Он ушел. Мне выдали карточку моей знакомой, где она, почтенная старуха, начальница пансиона, была изображена с двумя парами бровей и одним лихо закрученным усом, который, впрочем, при внимательном рассмотрении через лупу оказался бахромкой от драпировки. Но я уже знала, что фотография не может быть ответственна.
Я не захотела огорчать бедную женщину и бросила карточку в Екатерининский канал.

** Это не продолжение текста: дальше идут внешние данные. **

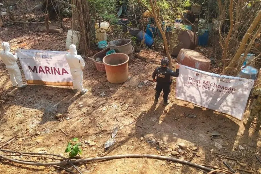 Mientras que en Michoacán fueron decomisados 500 kilos y nueve mil 700 litros de precursores químicos, equipo, así como herramientas de laboratorio en la localidad La Escondida.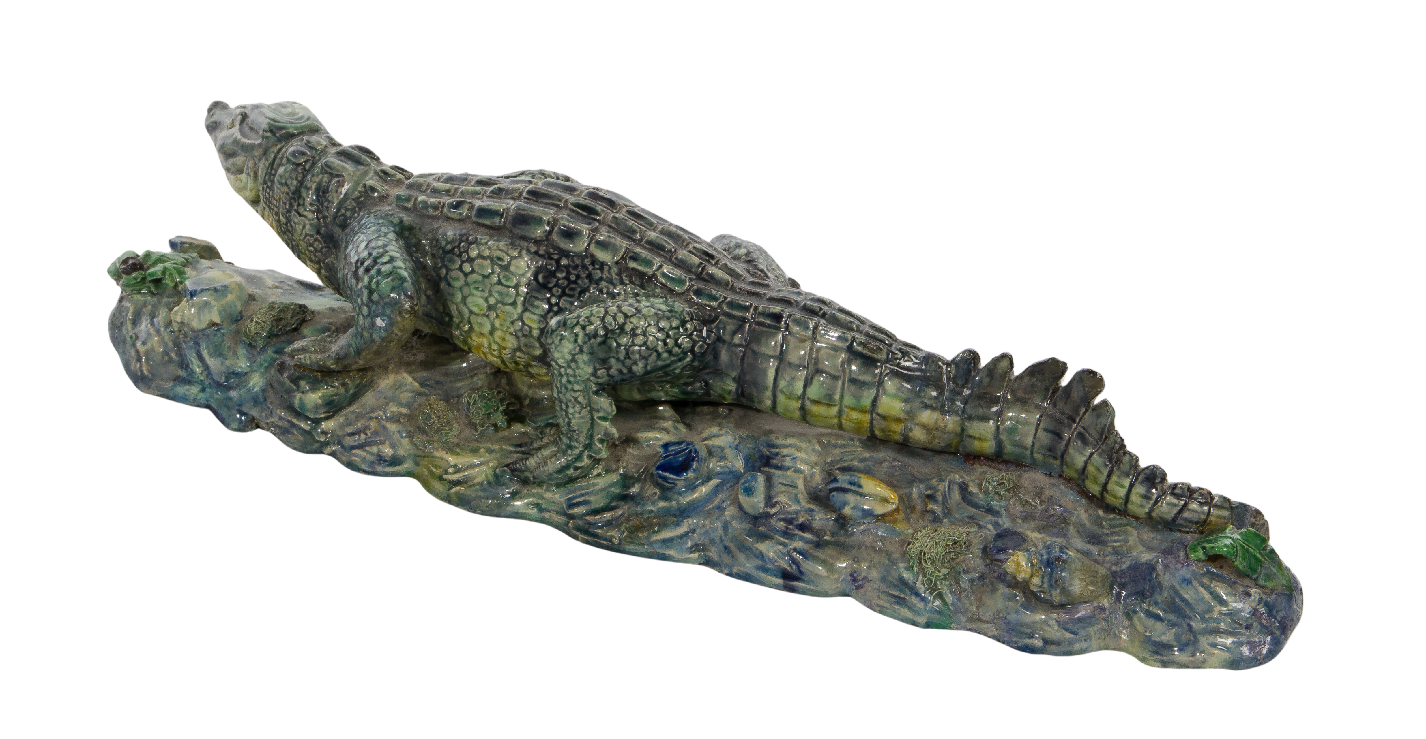 Majolica Alligator Figurine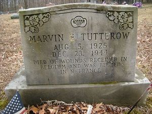 Pvt Marvin E. Tutterow enlisted in Indianapolis, Indiana on 1 November 1943.He is remembered at the Oak Ridge Cemetery in Helmsburg, Brown County, Indiana.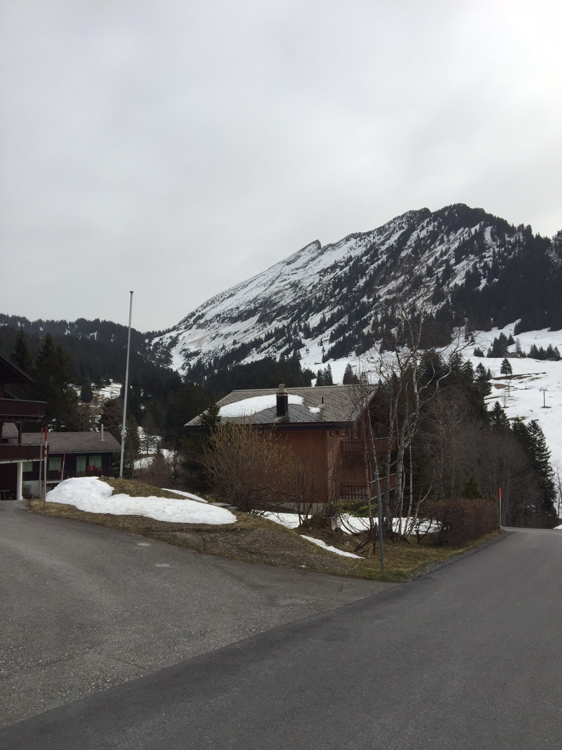 Auch wenn es vom Parkplatz nicht so aussieht, durchgehende Schneedecke bis auf den Gipfel.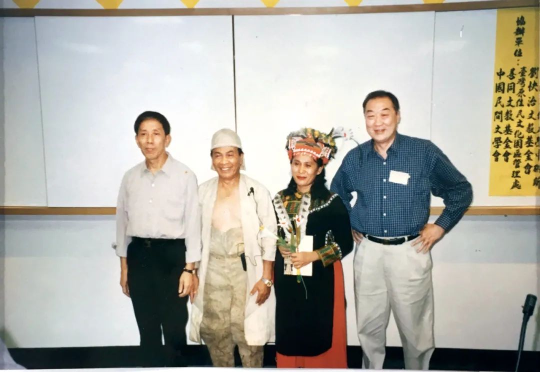 △在中国台湾屏东县考察研究鲁凯族民间故事的刘守华(左一)和台湾文化大学教授金荣华(右一)(1995年8月)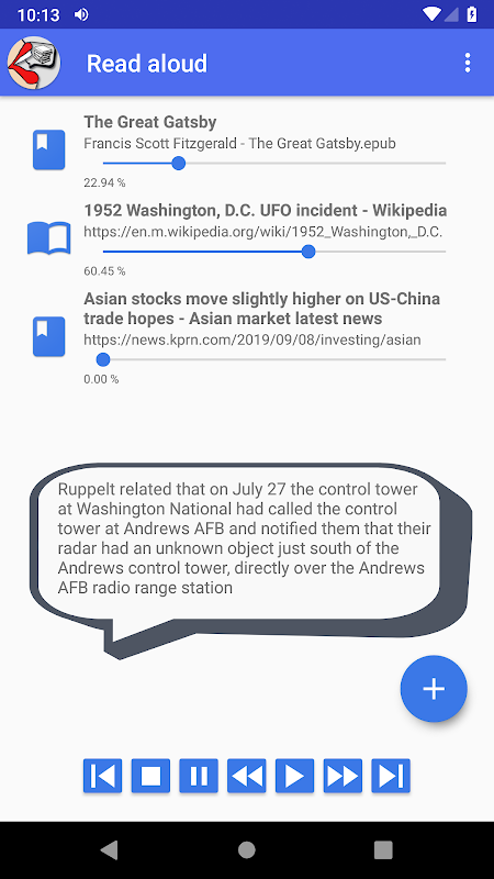 ما عليك سوى مشاركة عنوان URL من متصفحك، أو لصق نص من الحافظة، أو فتح ملف مباشرة في التطبيق. وهو يدعم العديد من تنسيقات الكتب والمستندات الإلكترونية مثل PDF وEPUB وTXT وHTML وRTF وODT وDOC وDOCX وFB2. بفضل الدعم الإضافي لموجزات RSS، يمكنك الآن الاستماع إلى مدوناتك ومواقع الأخبار المفضلة لديك أثناء التنقل.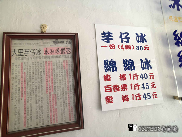 【台中。大里】草湖芋仔冰創始店。泰和源芋頭冰。泰和源芋仔冰。綿綿冰。古早味冰品
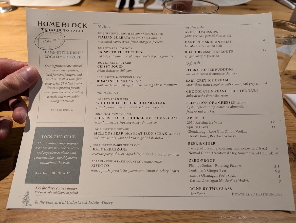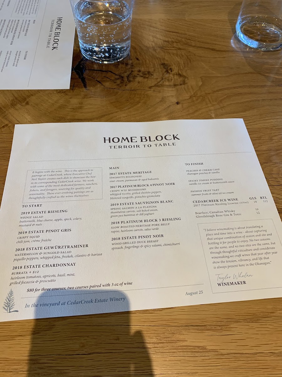 Welcome to Home Block at CedarCreek Estate Winery, where culinary innovation meets breathtaking views. Located in Kelowna, BC, this fine dining gem offers a farm-to-table menu that changes daily, ensuring a fresh experience with every visit. The starters feature delectable options like the Gem Heart Salad with buttermilk and crispy bacon, alongside Crispy Squid paired beautifully with the aromatic 2018 Estate Gewurztraminer.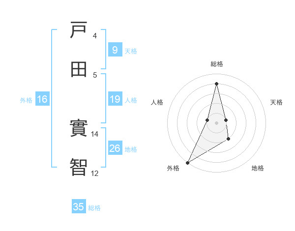 戸田 實智さんの総格は35画の4点!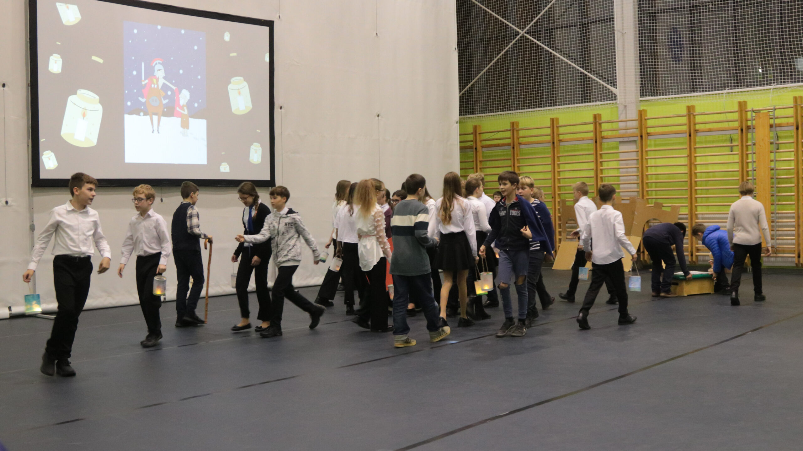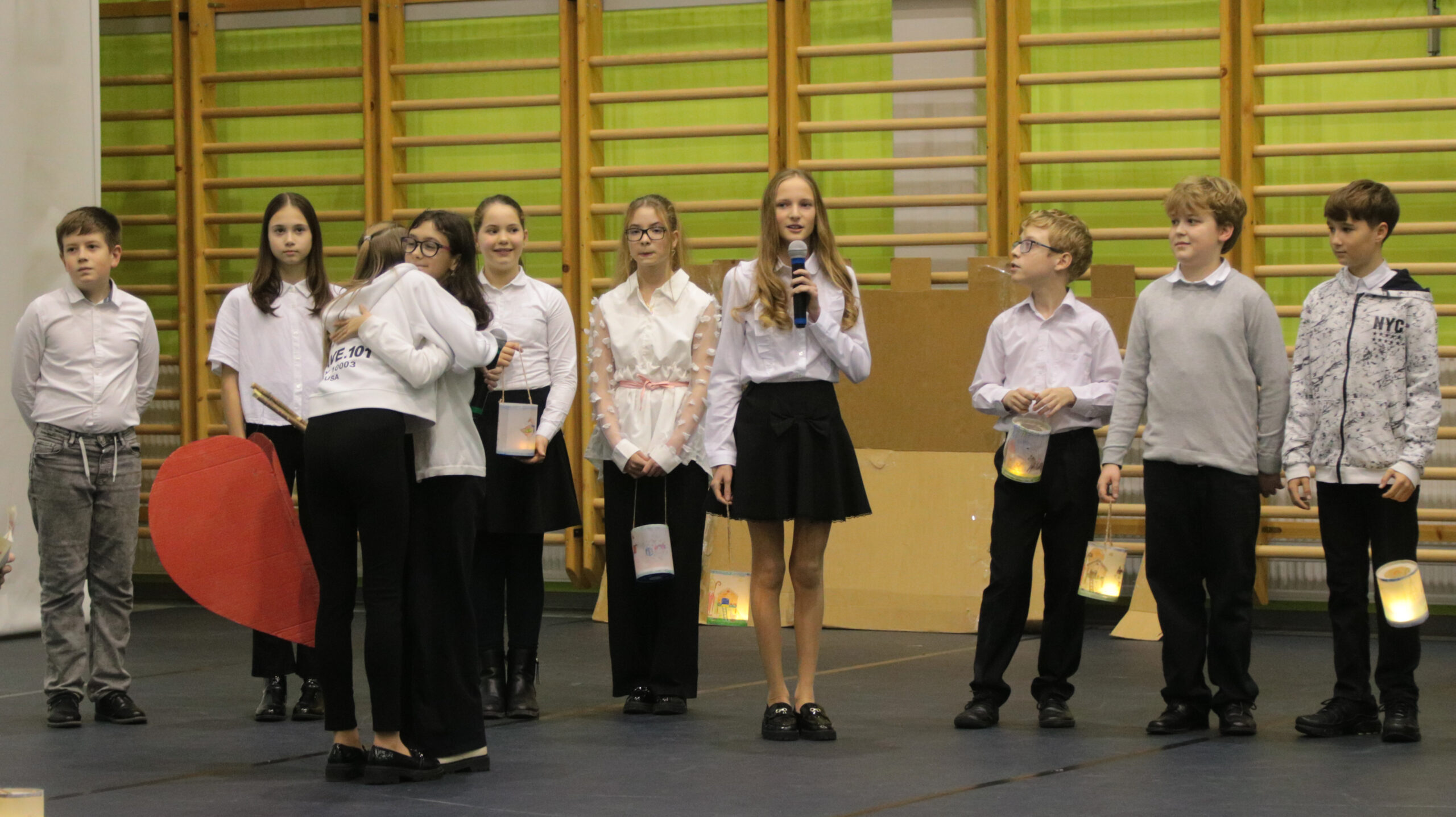 Az előadás különlegességét nemcsak a megható kerettörténet adta, amely egy család mindennapjain keresztül mutatta be, miért fontos az osztozkodás és a segítőkészség, hanem az is, hogy a diákok mindezt német nyelven adták elő. A hatodik osztályosok gyönyörű kiejtéssel, érthetően és magabiztosan beszéltek, amivel minden jelenlévőt lenyűgöztek. A lámpás történetén keresztül mesélték el, hogyan hozhatunk fényt mások életébe. A két főhősünk Laura és Marian együtt készültek a Márton-napi felvonulásra, de sajnos Laura lámpás nélkül maradt. Szent Márton és a koldus történetét megismerve Marian arra jutott, ő is követi a jó példát és megosztja lámpását barátnőjével.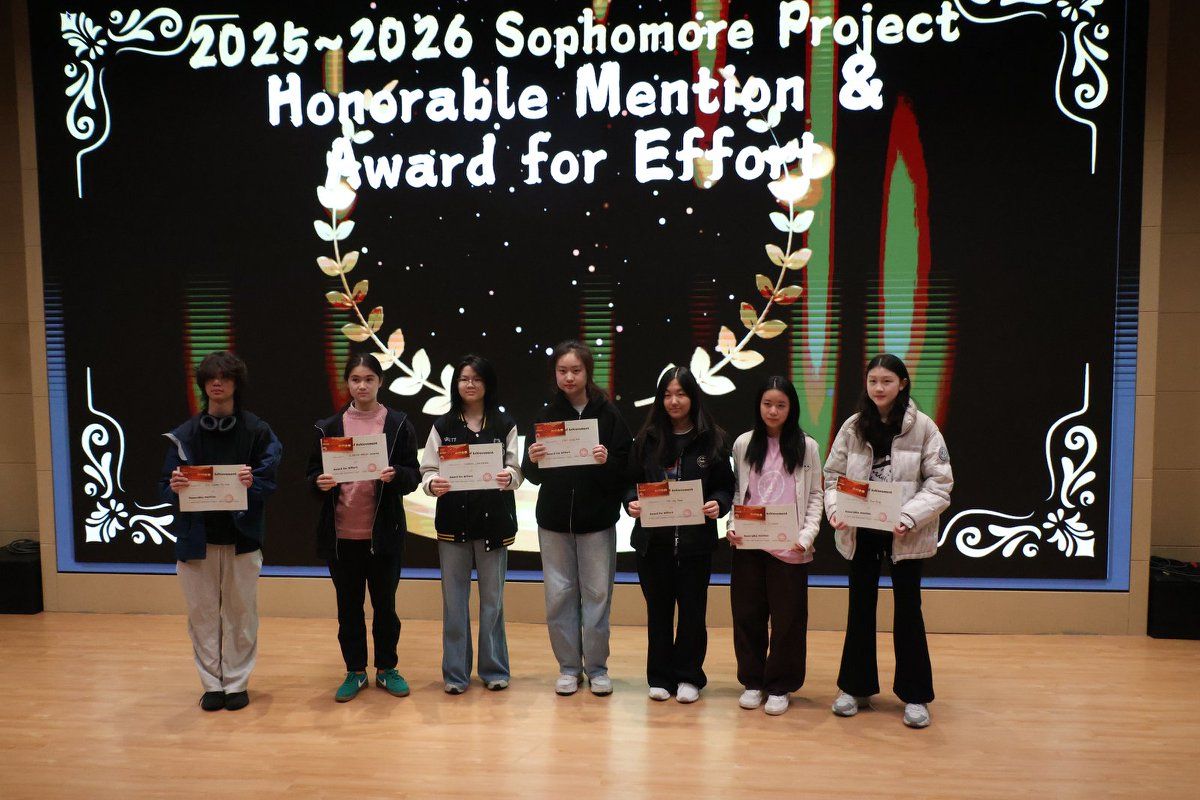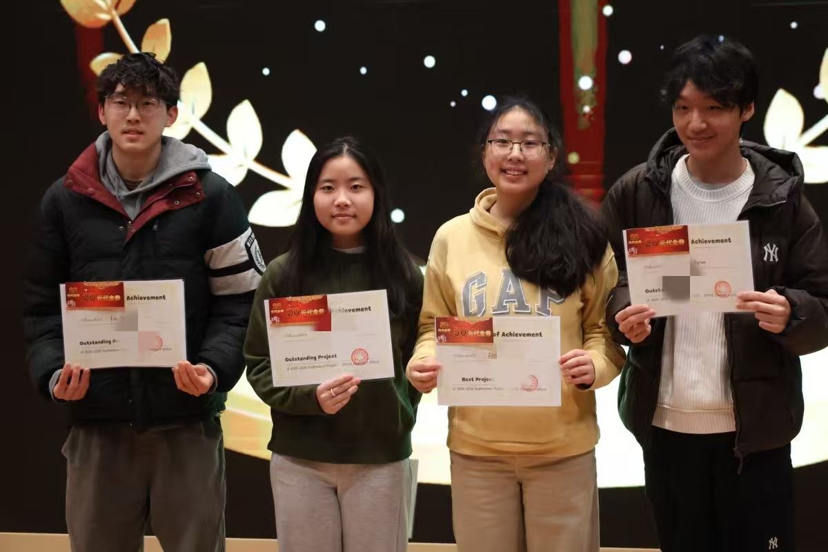 在首先进行的十年级专题项目颁奖环节中,年级组对完成专题项目表现优异的学生进行了表彰, 充分肯定了同学们的付出与创新。获奖学生依次上台领取证书,现场气氛庄重而热烈。随后,漫音社进行了社团宣传。社团成员回顾了在2025年运动会义卖等活动中的成果,并介绍了即将在四月初举办的春季义卖计划,届时将推出全新设计的原创制品。此外,漫音社还面向全年级发起乐队成员招募,欢迎有组建乐队意愿的同学加入。

Все равно там рыба дохнет.
* * *
Часто приходится встречать людей бледных, расстроенных, страдающих странным недугом. Они робко спрашивают у знакомых, не кривое ли у них лицо? Не косит ли глаз? Не перегнулся ли нос через верхнюю губу? И на отрицательный ответ недоверчиво и безнадежно отмахиваются рукой.
Их жалеют и им удивляются.
Но я не удивляюсь. Я знаю, в чем дело. Знают также и те, кто перемигивается по ночам высоко под крышами, под самым черным небом.
Они начинают петь с шести утра. Из окна моей комнаты я могу видеть прачечную, где они работают, и вылетающие из дверей клубы белого пара, словно пронизанного стальными вибрирующими нитями, их звонкими и глухими, резкими и тягучими разнообразно-ужасными голосами.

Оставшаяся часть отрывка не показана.